# Work instruction
From the records beneath, determine how many lines contain "reveals" and report only that figure.

[Entries taken from a collection]
+===+
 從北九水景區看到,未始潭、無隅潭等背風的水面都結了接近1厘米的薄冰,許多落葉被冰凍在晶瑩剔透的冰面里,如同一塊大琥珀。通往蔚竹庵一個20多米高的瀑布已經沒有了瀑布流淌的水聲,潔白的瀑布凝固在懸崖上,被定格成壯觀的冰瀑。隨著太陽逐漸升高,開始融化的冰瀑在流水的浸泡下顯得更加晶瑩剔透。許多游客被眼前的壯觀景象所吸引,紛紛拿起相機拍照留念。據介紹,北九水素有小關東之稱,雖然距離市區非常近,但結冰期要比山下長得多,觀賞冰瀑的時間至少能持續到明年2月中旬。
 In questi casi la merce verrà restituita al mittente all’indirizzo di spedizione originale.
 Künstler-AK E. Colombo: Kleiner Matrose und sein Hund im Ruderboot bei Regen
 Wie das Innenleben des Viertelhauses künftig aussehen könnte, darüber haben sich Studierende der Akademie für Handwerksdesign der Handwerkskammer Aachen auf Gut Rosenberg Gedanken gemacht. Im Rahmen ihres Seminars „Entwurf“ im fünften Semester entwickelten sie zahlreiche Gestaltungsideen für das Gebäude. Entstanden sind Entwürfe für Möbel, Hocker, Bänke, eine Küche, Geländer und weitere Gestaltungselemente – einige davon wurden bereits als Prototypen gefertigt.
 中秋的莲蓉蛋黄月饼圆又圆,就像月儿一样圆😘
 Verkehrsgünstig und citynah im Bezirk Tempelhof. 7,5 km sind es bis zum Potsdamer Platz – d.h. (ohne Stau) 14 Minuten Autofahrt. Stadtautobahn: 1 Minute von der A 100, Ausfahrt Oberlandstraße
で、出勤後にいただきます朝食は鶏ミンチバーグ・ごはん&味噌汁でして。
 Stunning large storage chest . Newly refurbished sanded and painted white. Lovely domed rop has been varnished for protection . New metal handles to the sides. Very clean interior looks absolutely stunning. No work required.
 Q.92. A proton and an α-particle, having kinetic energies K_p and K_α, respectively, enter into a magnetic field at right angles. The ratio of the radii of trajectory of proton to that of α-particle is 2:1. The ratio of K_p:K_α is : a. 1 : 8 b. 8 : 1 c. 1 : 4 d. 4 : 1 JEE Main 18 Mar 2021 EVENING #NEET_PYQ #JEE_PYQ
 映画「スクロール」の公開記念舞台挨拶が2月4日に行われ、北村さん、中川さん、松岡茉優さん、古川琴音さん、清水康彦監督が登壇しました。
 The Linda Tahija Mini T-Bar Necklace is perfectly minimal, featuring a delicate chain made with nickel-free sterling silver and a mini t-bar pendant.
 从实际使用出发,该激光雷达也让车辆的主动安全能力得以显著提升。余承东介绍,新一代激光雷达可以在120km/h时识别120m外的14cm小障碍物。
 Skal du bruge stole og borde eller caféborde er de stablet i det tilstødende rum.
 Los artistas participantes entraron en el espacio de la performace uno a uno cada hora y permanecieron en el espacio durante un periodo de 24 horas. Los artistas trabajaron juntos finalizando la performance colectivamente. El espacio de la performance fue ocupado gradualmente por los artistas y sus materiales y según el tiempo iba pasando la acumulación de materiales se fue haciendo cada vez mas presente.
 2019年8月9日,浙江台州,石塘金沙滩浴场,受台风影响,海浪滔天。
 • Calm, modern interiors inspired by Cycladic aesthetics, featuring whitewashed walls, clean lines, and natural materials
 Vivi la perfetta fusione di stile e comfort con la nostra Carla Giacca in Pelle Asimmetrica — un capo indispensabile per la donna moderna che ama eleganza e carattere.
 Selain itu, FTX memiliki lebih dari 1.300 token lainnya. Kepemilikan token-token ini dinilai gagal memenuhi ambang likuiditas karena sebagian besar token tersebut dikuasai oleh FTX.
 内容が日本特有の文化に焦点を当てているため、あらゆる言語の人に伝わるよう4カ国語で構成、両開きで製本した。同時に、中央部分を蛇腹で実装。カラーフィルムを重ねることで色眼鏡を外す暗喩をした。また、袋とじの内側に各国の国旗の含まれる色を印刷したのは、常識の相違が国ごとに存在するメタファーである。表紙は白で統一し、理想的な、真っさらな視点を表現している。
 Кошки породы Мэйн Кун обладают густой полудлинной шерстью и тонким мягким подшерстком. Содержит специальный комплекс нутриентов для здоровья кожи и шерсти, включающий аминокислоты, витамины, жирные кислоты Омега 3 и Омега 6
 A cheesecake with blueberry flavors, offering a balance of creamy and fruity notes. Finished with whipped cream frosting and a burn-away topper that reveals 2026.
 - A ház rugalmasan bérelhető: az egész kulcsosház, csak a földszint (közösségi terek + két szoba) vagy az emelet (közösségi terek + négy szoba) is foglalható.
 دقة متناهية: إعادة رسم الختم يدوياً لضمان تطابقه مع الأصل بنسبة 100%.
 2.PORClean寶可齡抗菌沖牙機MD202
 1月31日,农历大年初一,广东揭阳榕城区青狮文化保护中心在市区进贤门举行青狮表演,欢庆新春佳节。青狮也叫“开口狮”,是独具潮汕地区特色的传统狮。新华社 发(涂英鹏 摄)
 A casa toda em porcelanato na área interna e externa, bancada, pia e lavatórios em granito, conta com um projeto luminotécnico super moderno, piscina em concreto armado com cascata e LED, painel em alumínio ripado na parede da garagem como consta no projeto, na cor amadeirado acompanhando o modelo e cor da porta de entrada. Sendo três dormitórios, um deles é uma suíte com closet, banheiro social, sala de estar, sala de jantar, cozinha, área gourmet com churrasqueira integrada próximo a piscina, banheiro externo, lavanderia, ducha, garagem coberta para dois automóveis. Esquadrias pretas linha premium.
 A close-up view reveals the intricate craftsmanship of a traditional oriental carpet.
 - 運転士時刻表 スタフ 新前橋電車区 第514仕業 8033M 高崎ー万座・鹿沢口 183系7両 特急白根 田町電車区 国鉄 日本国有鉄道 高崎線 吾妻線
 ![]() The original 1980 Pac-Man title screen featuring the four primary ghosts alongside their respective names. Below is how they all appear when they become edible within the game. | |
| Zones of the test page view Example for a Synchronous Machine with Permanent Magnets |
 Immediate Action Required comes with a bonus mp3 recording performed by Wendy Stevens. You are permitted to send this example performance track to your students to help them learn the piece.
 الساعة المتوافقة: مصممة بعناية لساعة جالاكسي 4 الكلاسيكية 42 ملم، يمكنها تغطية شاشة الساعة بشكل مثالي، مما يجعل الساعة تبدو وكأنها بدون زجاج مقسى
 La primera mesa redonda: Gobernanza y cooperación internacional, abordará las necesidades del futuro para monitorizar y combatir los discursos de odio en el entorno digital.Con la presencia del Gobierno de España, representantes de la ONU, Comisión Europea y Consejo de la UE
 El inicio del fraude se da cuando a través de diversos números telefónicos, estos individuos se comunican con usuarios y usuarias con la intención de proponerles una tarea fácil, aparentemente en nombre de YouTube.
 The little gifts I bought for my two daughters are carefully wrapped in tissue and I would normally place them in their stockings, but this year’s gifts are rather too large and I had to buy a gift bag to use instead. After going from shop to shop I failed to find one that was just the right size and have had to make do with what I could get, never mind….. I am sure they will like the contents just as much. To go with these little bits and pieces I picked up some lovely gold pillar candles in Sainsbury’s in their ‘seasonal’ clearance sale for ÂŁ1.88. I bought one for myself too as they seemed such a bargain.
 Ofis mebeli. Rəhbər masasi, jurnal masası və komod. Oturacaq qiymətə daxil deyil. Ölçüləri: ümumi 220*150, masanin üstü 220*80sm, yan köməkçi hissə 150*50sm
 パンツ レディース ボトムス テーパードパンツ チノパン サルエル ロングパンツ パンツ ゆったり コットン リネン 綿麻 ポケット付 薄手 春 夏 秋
+===+
# Result of the task
2